Check to see if there are any missing values in the dataset. If necessary, select an appropriate method to fill-in the missing values.

In [3]:
# TO DO: Check if there are any missing values and fill them in if necessary
if X.isna().sum().sum():
    print("X contains nan values")
    X.fillna(0, inplace=True) # this step was not neccesary but I added it to practice
    
if(y.isna().any()):
    print("y contains nan values")

For this task, we want to test if the linear model would still work if we used less data. Use the `train_test_split` function from sklearn to create a new feature matrix named `X_small` and a new target vector named `y_small` that contain **5%** of the data.

In [4]:
# TO DO: Create X_small and y_small 
from sklearn.model_selection import train_test_split

# 95% of the data is ignored and only 5% is kept 
X_small, _, y_small, _ = train_test_split(X, y, test_size=0.95, random_state=0) 

### Step 3: Implement Machine Learning Model

1. Import `LogisticRegression` from sklearn
2. Instantiate model `LogisticRegression(max_iter=2000)`.
3. Implement the machine learning model with three different datasets: 
    - `X` and `y`
    - Only first two columns of `X` and `y`
    - `X_small` and `y_small`

In [5]:
from sklearn.linear_model import LogisticRegression
import copy

logreg = LogisticRegression(max_iter=2000)
model = []

# Implementing X and y using the standard split (80% data for training and 20% for testing)
X_train, X_test, y_train, y_test = train_test_split(X, y, test_size=0.2, random_state=0)  
model.append(copy.deepcopy(logreg).fit(X_train, y_train)) 
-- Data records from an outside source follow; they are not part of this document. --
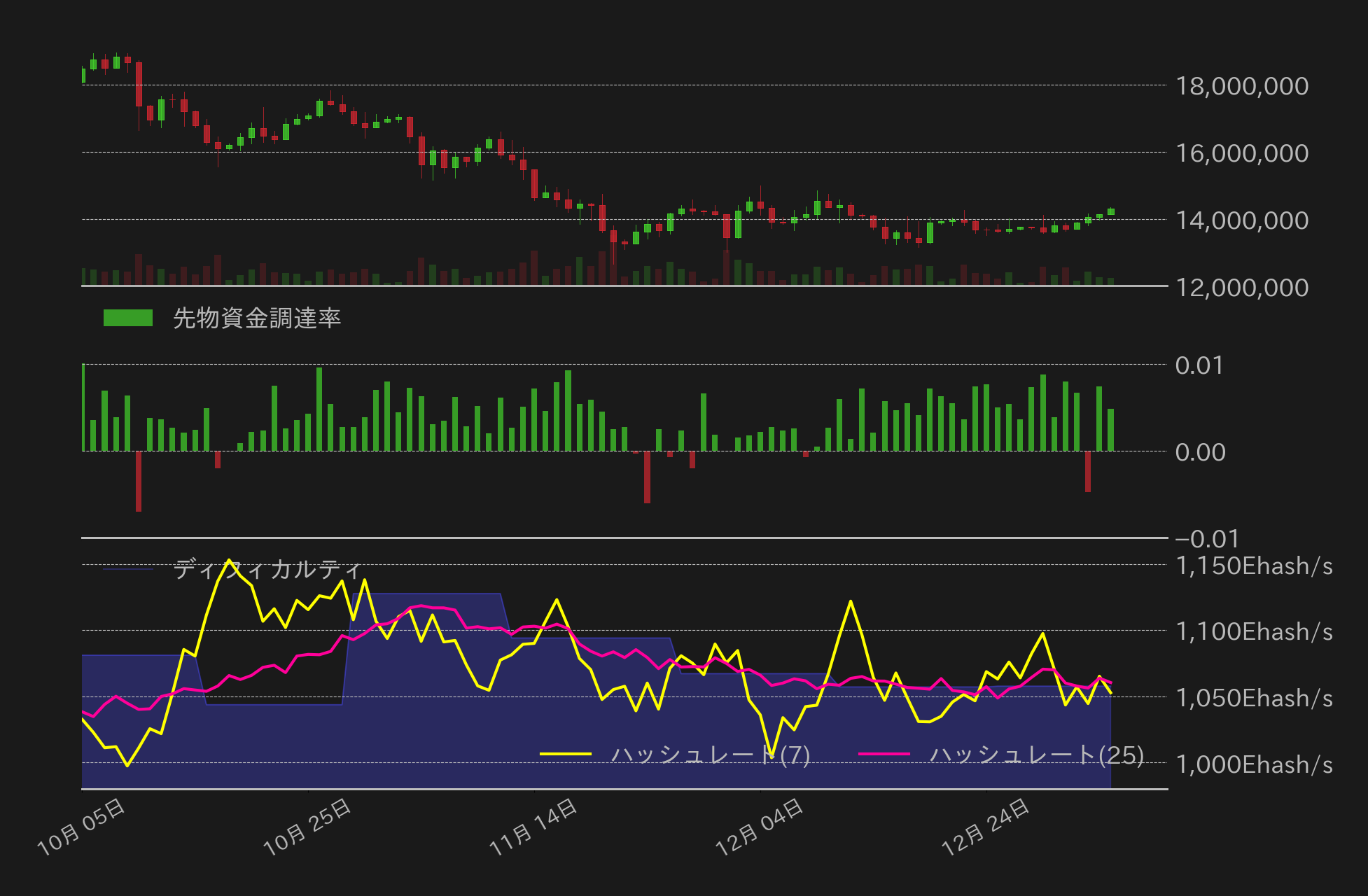 12月29日〜1月4日のビットコイン(BTC)対円相場の週足終値は、前週比56万5000円(4.11%)高の1431万5000円と反発した。
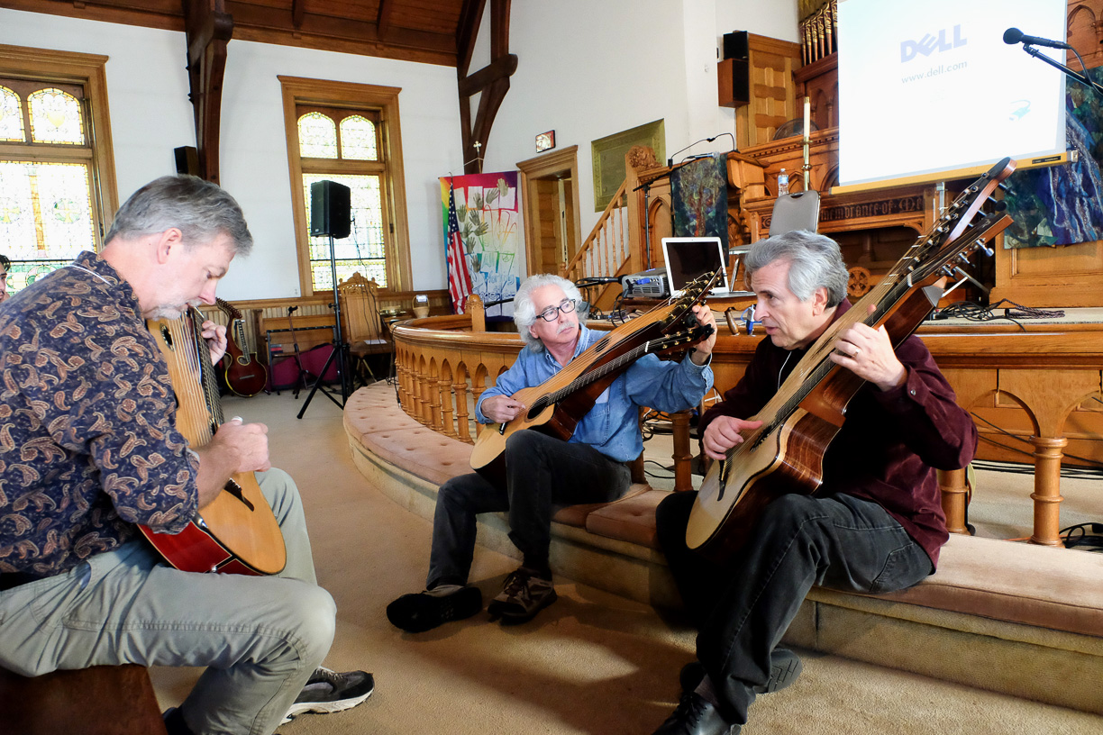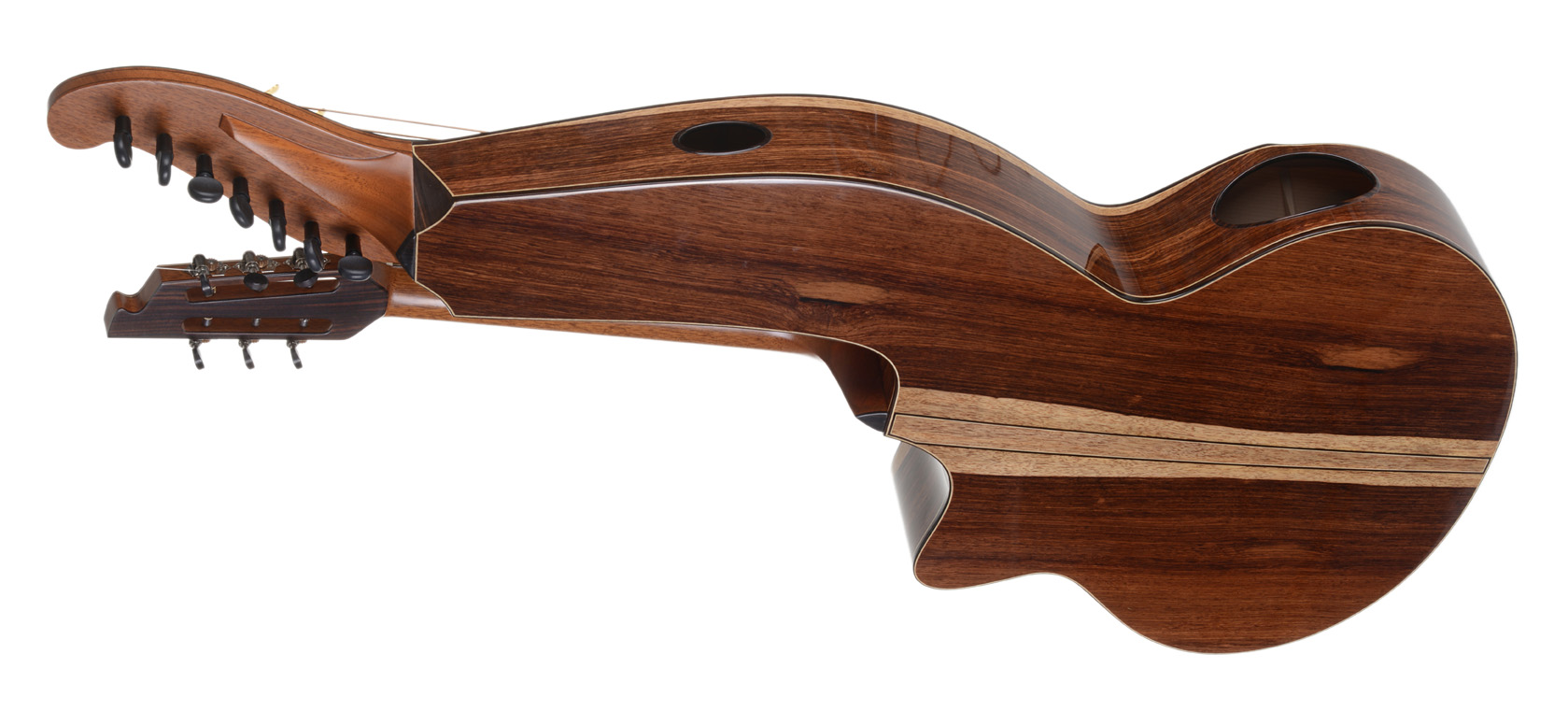 | Those who attended the 14th Harp Guitar Gathering in Connecticut in 2016 were treated to a rare surprise...not one, but two harp guitars built by the inimitable Winnipeg, Manitoba master luthier Allan Beardsell were on the premises! Attendees will remember the story. I had just sold to professional harp guitarist Randall Sprinkle the consigned Beardsell I had listed, when I had the chance to purchase the one on this page. I jumped on it immediately. Here we are comparing them for the audience. We later sat for some quiet time, passing them back and forth, with master Stephen Bennett weighing in as well. Randall and I agreed that they were somewhat different, but neither was "better" than the other. We also agreed they were two of the best sounding harp guitars on the planet. True. Randall already owned a fabulous Tony Karol, and later bought from me the stunning Lance McCollum harp guitar which he had premier luthier Kathy Wingert convert to six sub-basses. And he bought a Duane Noble for this son. That is good harp guitar company indeed! He plays all three, but the Beardsell immediately became his go-to instrument. It has a narrower nut width than my Merrill and Dyer, so not quite as comfortable for my personal technique. Thus I had no qualms about installing it for 7 months in our Carlsbad harp guitar exhibit, where it was a fitting contribution to the modern harp guitar story. It's back home, and - treasure though it is - it needs to be played, and I simply don't have the time to do it justice (nor the space to store it). I consider it all but priceless, as it is the first harp guitar commission Alan received and sold (to 2011 Gathering attendee Esau Simmons. Randall's was actually the first one completed, the prototype to get Esau's perfectly engineered.). I'll repeat here my introduction and assessment that I wrote for the Beardsell prototype harp guitar, as all of it applies equally to this one. If anything, this one is more stunning. One of the (many) perks of this part-time job of mine is that I’ve been privileged to have seen (and heard or played) more harp guitars than probably anyone on the planet. When it comes to new instruments – and new designs – few have made an impression on me quite like the very first Beardsell harp guitar I finally saw in 2011 at the 9th Harp Guitar Gathering®. Distinctive, modern, imaginative, cohesive, daring, beautiful, fascinating, visionary and many other words came to mind (and still do). One word? Simply: cool. And it sounds incredible. Is it for everyone? Probably not for those stuck on the Knutsen or Dyer (or Hedges) paradigm, and not for those looking strictly for pure Dyer tone, as this tends to out-power even a Dyer. Frankly, I think it may be one of the most phenomenal-sounding harp guitars made today. Allan’s tone is, well, hard to describe. Look inside and you’ll perhaps see why – it’s like an Erector Set in there! All this engineering bravado can be seen through the larger of the two side ports (one on the second floor and one in the basement). Uniquely braced on top and back, the several additional struts/tension rods presumably allow the top to be more responsive, and is it ever! In this regard it reminds me of Luke Brunner’s latest Outdoor harp guitars or perhaps that new Reverse Tension harp guitar prototype I played at HGG13. Comparisons aside, Allan’s sound is his own and best of all, with his unique and, dare I say, aggressive, side ports, the player literally bathes in tone. Out front through the “standard” two
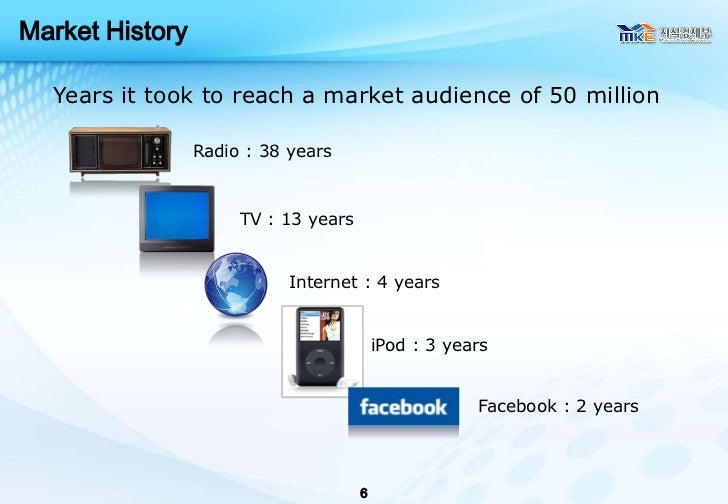 6. 6. Market History<br />Years it took to reach a market audience of 50 million<br />Radio : 38 years<br />TV : 13 years<br />Internet : 4 years<br />iPod : 3 years<br />Facebook : 2 years<br />
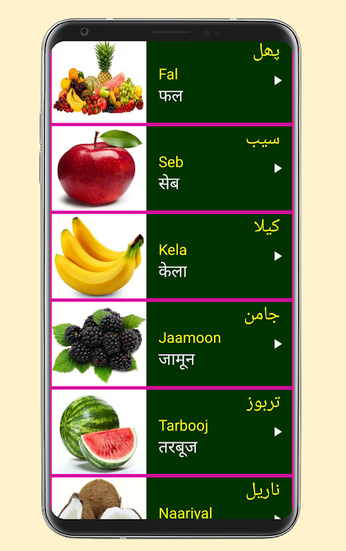 2. Each Urdu word has a clear image 📸🖼️ and audio pronunciation 🎵🔊 to make Learning Urdu via Hindi Easy.
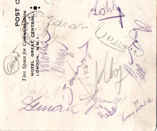 autogramy: František Plánička, Josef Košťálek, Ferdinand Daučík, Antonín Vodička, Jaroslav Bouček, Karel Kolský,

# Implementing only first two colums of X and y
X_subset = X.iloc[:, :2]  # Selecting only the first two columns of X
X_subset_train, X_subset_test, y_subset_train, y_subset_test = train_test_split(X_subset, y, test_size=0.2, random_state=0)
model.append(copy.deepcopy(logreg).fit(X_subset_train, y_subset_train))

# Implementing X_small and y_small
X_small_train, X_small_test, y_small_train, y_small_test = train_test_split(X_small, y_small, test_size=0.2, random_state=0)
model.append(copy.deepcopy(logreg).fit(X_small, y_small))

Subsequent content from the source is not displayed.